Then and Now: Pangy Day

Pangy Day

1980

Pangy Day was conceived by a group of students who wanted to recreate the spirit of the forgotten tradition of May Day—during which students arranged numerous theatrical productions and elaborate pageants on Prospect Hill—as well as the enthusiasm felt on campus during President Elizabeth Topham Kennan’s ’60 inauguration, two years earlier.

When Mary Lyon refused to have the institution named after her, one of Mount Holyoke’s founding trustees, Edward Hitchcock, suggested naming the seminary “Pangynaskean,” compounding three Greek words meaning “whole woman making.” The name was met with much derision on all fronts. In 1980, students re-adopted the name as part of a new celebration they were planning.

The first Pangynaskeia Day on April 25, 1980, featured a parade of dozens of marching units and floats, lectures and presentations by faculty and alumnae, an all-College picnic, softball, volleyball, Frisbee games throughout the campus, and songs and entertainment in the Gettell Amphitheater.
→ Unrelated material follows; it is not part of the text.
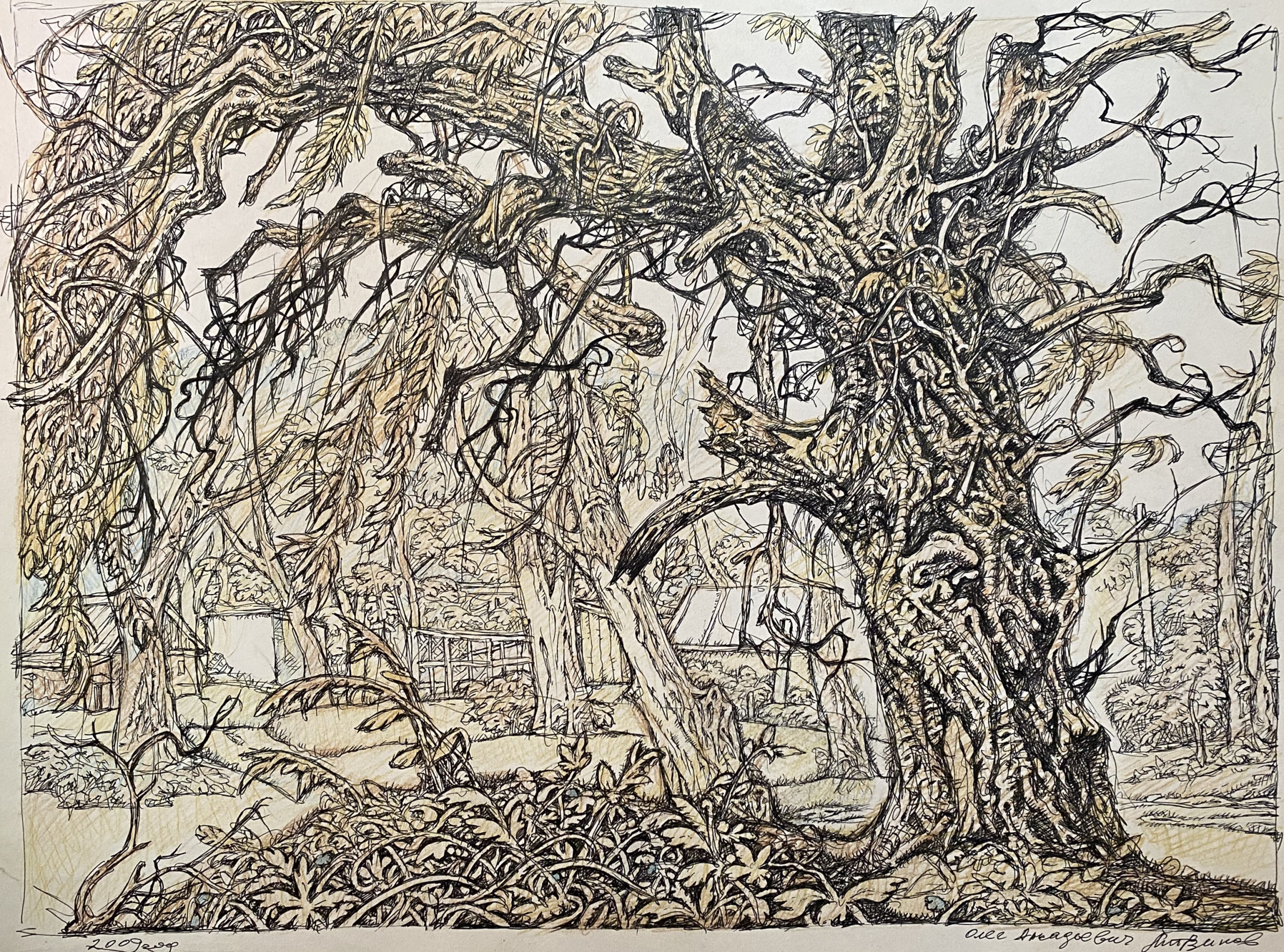 Pencil, Ink, painting Old willow Litvinov Oleg Arkad'yevich

The highlight of the inaugural celebration was the afternoon parade, during which scenes from Mount Holyoke’s past, present, and future were depicted by various student groups from across campus.

2014

Today, Pangy Day is much less structured and begins with the traditional all-College picnic on Pageant Green, the one Pangy Day event that has held up through the event’s various iterations over the years. After a “fun free-for-all,” which includes music, games, face painting, and ice cream on Skinner Green, the climax of the day is the ritual maypole dance, resurrected by the Pagan/Wiccan Collective in 2001. Also in the spirit of the May Days of yore, all participants receive daisies, handed out by the Environmental Action Coalition.

In recent years, organizers of both Pangy Day and Earth Fest have collaborated, and now the day incorporates a celebration of the environment as well as the history of the College and its traditions.

Some of the newest free- for-all offerings reflect this collaboration: the Pangy Day Thrift Store—a “mega free bin” full of donated items; a shredding event, at which personal documents are shredded for a small suggested donation that goes toward replacing trees on campus; parachute play; and locally raised bunnies available for petting and stress relief as students prepare for final exams looming on the horizon.

—By Taylor Scott

This article appeared in the spring 2015 issue of the Alumnae Quarterly.